身上又捱了幾件東西,正是那幾個嚷得最兇的人所砸。我咬牙挺立,任由他們砸。我不能出聲,民眾的情緒已被呂纂調動起來,辯解只會起到反作用。心裡打定主意,呂纂總不能一直扣押我在此示眾,忍一忍就能過去。日後還有很長的路,我們說好一起走下去,現在絕不能被打倒。
一個雞蛋飛來,正砸在我頭側。我強忍怒意抹去碎蛋殼,任由粘液滴滴答答滑落,對呂纂低聲冷哼:「今天這出戲很精彩,不過要讓你失望了。這些羞辱對我來說,根本不算什麼!」
呂纂陰沉著臉,放低聲音回應我:「公主,你自顧不暇,看你嘴硬到什麼時候。」
我挺直腰背,昂起頭,任由更多的東西砸在身上。
「住手!」
痛苦而心焦的大喝,人群被層層撥開。是他!奔跑得匆忙,氣喘吁吁。趕緊給他使眼色,不要他上臺來。這樣的情形,他來了也無濟於事,反而對他不利。

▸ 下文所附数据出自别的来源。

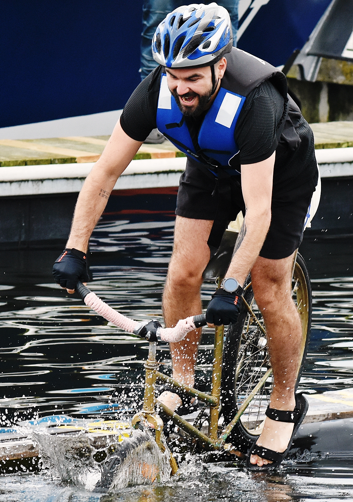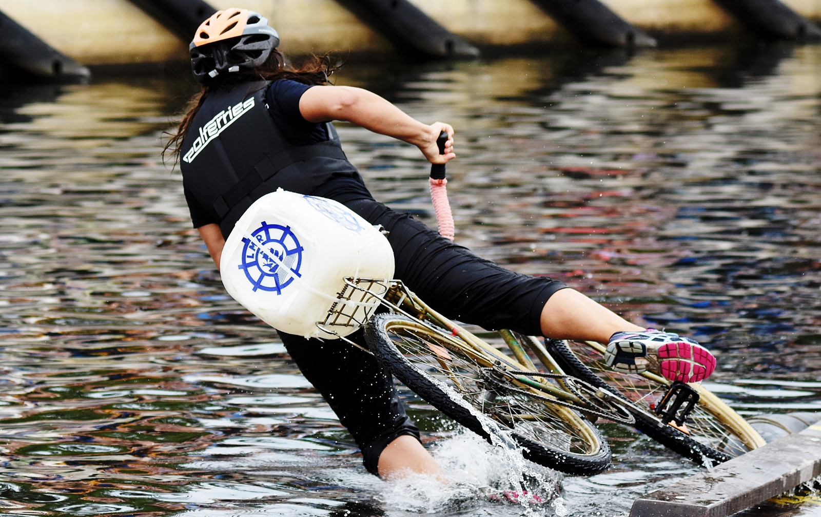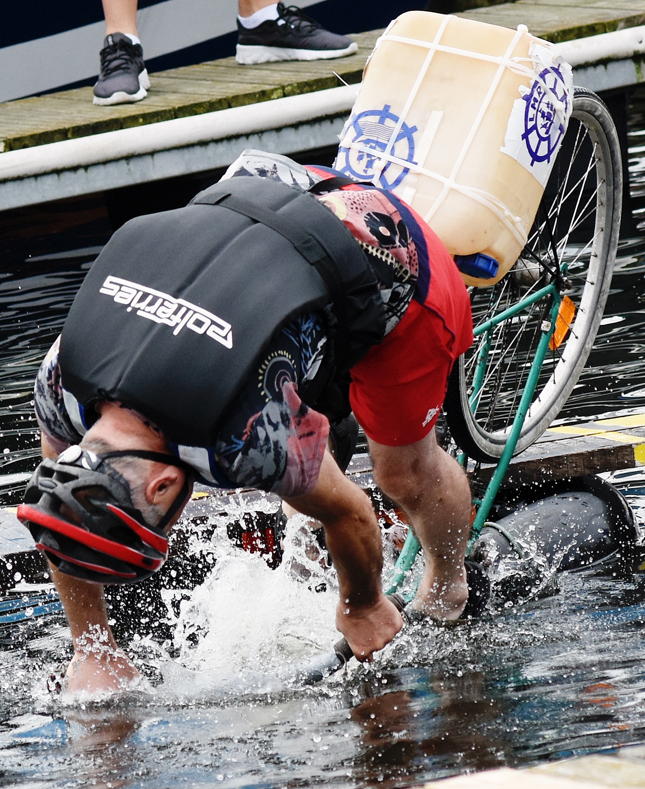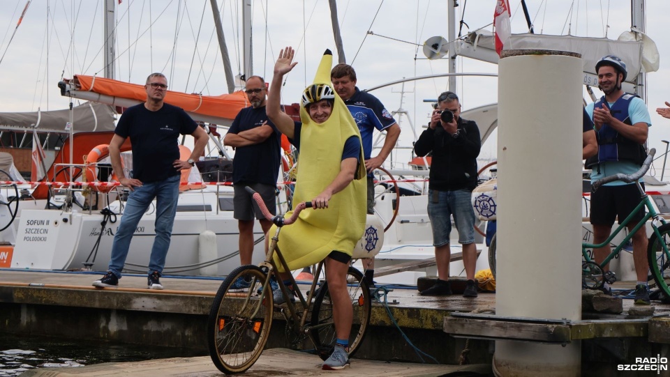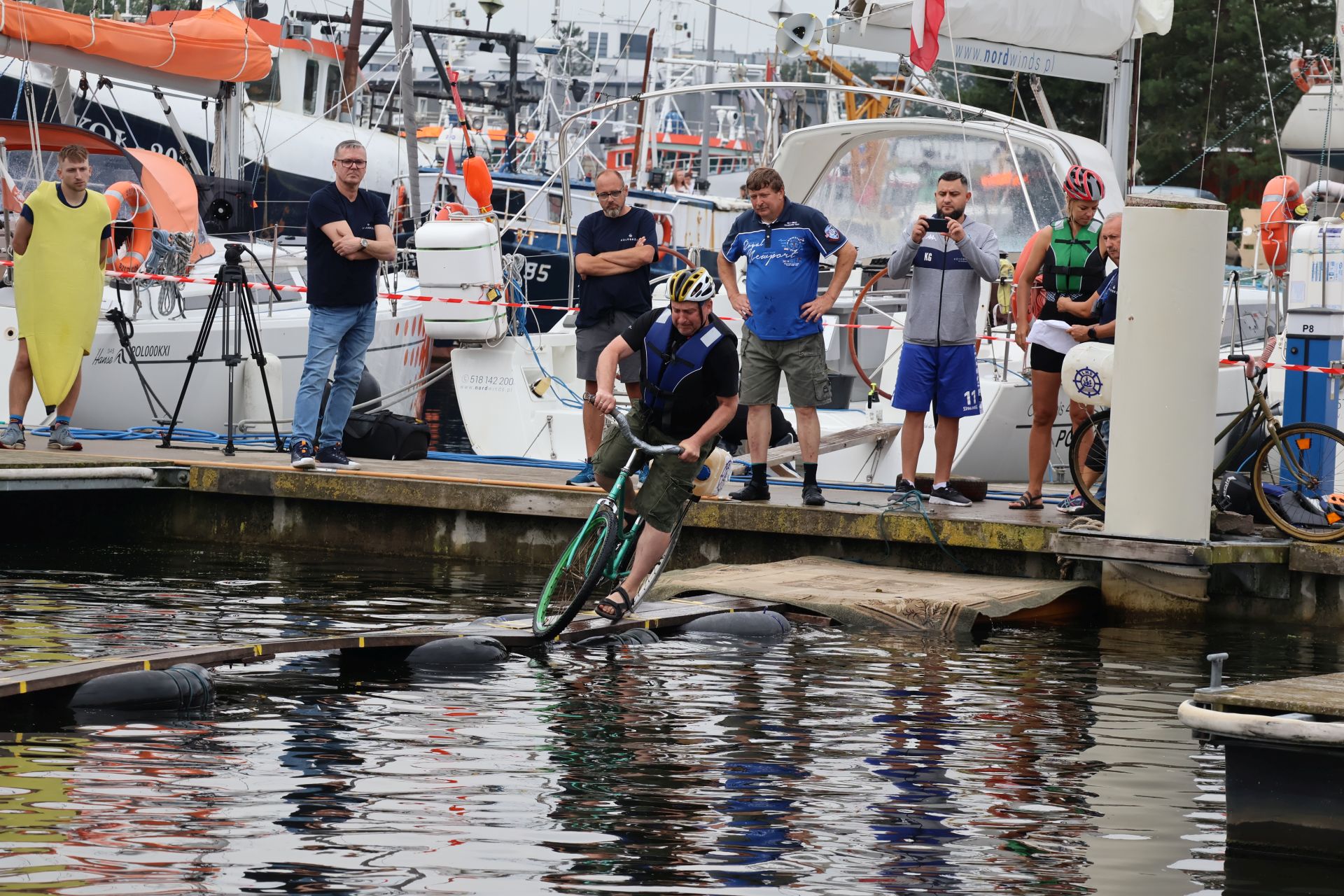 W minioną sobotę 26 sierpnia w kołobrzeskiej Marinie Solnej rozegrane zostały bardzo nietypowe zawody w jeździe rowerem po desce na wodzie. Pomysł ich rozgrywania zrodził się w niemieckim, partnerskim mieście Barth. To tam podczas dorocznych ,,Dni Zalewu i Zatoki” Klub Wioślarski Pommernexpress oprócz wyścigów smoczych łodzi organizował to niezwykle widowiskowe wydarzenie. Kołobrzeska Liga Morska i Rzeczna organizowała rejsy żeglarskie, po portach polskich i niemieckich. Celem podróży było właśnie Barth. Uczestnicy podziwiali śmiałków, którzy podejmowali wyzwanie pokonania 21 metrowej deski. Wśród nich najbardziej zapalonym był nieodżałowany Antoni Szarmach – prezes kołobrzeskiego Oddziału Ligi Morskiej i Rzecznej. Jako zapalony rowerzysta pierwszy spróbował przejechać nakazany dystans. Pokonał zaledwie trzy metry, ale gospodarze utworzyli specjalną klasyfikację zawodników zagranicznych. Był jedynym w tej kategorii, więc zdobył najwyższą nagrodę – termos. Dodatkowo gościnni gospodarze podarowali jeden segment konstrukcji jezdnej i przeszkodę w postaci garbu. To wszystko zostało zaształowane na jednej z łodzi i popłynęło do Kołobrzegu. Takie były początki. Na miejscu wykonano odpowiednie elementy składające się z platformy startowej, desek jezdnych, pływaków z dętek samochodowych i skrzynek po napojach. Pierwsze kołobrzeskie zawody rozegrano w Porcie Jachtowym na terenie starego basenu gdzie nie było jeszcze pomostów. Okazało się, że zawody zgromadziły licznych kibiców, a przede wszystkim zawodników. I tak każdego roku zwiększała się popularność zawodów.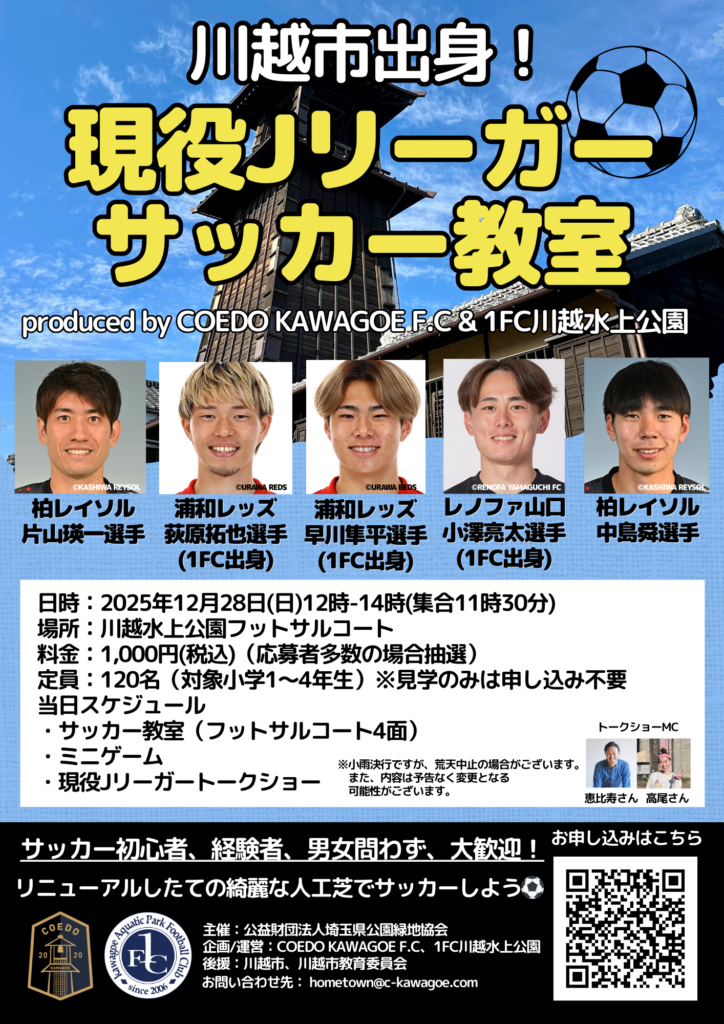 昨年開催時も好評いただき、120名の参加枠に対して、約200名ほどのご応募をいただきました、川越水上公園で現役Jリーガーを招いてのサッカー教室企画ですが、2025年度も12月28日(日)12-14時(11時半集合)にて開催が決定しましたのでお知らせ致します。

他卻不顧我的暗示,大跨步跳上臺,張開雙臂攔在我面前。下面人群立刻停止嗡嗡的議論,手上本來執物要砸我的,也停下動作。站在他身後,無法看到他的表情,只見他合掌鞠禮,聲音洪亮,字字清晰地入耳:「諸位施主,破戒娶妻乃羅什所為。所有怨懟,羅什一人承擔,與我妻無關。」
我妻!
他在大眾面前這樣叫——我妻!淚水不受控制,湧入眼框,掙扎著不落下。承認破戒已是千年的詬病,他竟然當眾喚我為妻!
「法師果真是護妻心切。」呂纂冷冷地嗤笑,「法師仍是心在紅塵嘛。若是眷戀凡人之樂,那便還俗好了。」
羅什的脊樑直直挺著,頭仰起,卓然傲立,聲音裡有著不容置疑的決然:「僧人娶妻確是荒唐,但羅什既然在佛祖面前發誓與此女子共渡一生,她便是羅什之妻,永不辜負。至於羅什持戒不全,自然愧對佛祖,甘願墮入阿鼻地獄,永不輪迴。可羅什心中仍有大願想,佛法廣深,為三千大眾指點迷津。羅什願遍傳佛法於大千世界,誓為迷茫眾生渡難成佛。」
他停頓下來,轉身看我,嘴角掛著無怨無悔的笑。再回頭面對大眾,提高聲音:「待得佛法宣成,此生願了,羅什與妻子同入地獄,絕不皺眉。」
看著他的背影,如此高大,為我擋出一片天。我笑了,怎麼可以躲在他背後?站出來與他並列,十指相纏,一起昂頭。這一刻,心裡被幸福充盈得滿滿。入地獄又何妨?有你的地方,便是天堂。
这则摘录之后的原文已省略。